Probably one of the most important roles of the mayor is to cast the deciding vote when the city council is tied. This situation is very rare since the council is made up of seven members, an odd number. The only way for the city council to be deadlocked is either an odd number of abstaining votes, or an odd number of vacancies. This brings the number of possible votes to an even number, and a tie can occur.
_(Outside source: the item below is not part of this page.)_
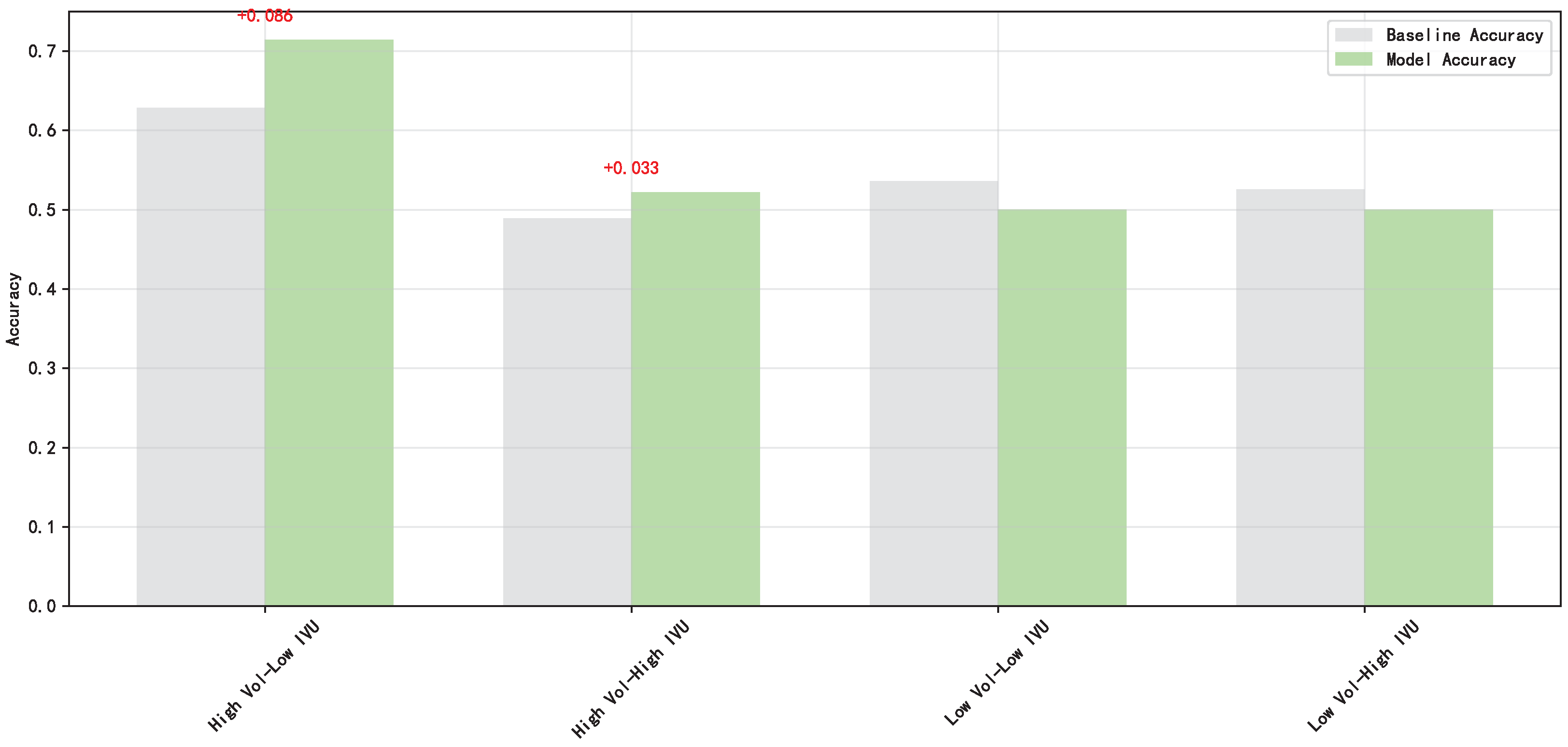 The empirical evidence robustly supports our theoretical framework. Threshold regression identifies a significant IVU critical value of 0.476225 (p < 0.001), separating distinct uncertainty regimes. In high-uncertainty conditions (low IVU) combined with high opening volume, predictive accuracy reaches 63.04% in logistic regression and 71.43% in XGBoost out-of-sample tests. The machine learning approach further validates the importance of IVU-related features, with interaction terms ranking among the most influential predictors.

Except for a tie, the mayor also votes in three other occasions. They cast a vote on the appointment and removal for the City Manager, and City Attorney. The other vote relates to city contract work. After a project has been approved by the city council, and bids have either been rejected or no bids submitted, the mayor may cast a vote for turning over the work to city employees. He can not bring the matter to a vote, but only cast a vote.

== List of mayors ==
This is a list of mayors of Bakersfield by term, name, and other comments.
- 1915–1917 George Hay
- 1917–1919 C.L. Taylor
- 1919–1921 Jay A. Hinman
- 1921–1923 E. L. Hougham
- 1923–1924 George Haberfelde
- 1924–1929 L. K. Stoner
- 1929–1931 Elmer Martin
- 1931–1933 H.D. Headen
- 1933–1935 J.R. Gist
- 1935–1940 George E. Wilson
- 1940–1941 Fred S. Boden
- 1941–1946 Alfred Siemon
- 1946–1947 Edward G. Norris
- 1947–1951 Jake Vanderlei
- 1951–1953 Frank Sullivan
- 1953–1957 Manuel J. Carnakis
- 1957–1961 Frank Sullivan
- 1961–1965 Gene Winer
- 1965–1969 Russel V. Karlan
- 1969-1981 Donald M. Hart
- 1981–1985 Mary K. Shell (1927–2018) – First woman mayor.
- 1985–1989 Thomas Anthony Payne
- 1989–1993 Clarence E. Medders
- 1993–2001 Robert "Bob" Otis Price (1932–2011)
- 2001–2017 Harvey Hall (1941–2018) – 25th mayor.
- 2017–present Karen Goh – First mayor of Asian descent. Second woman mayor.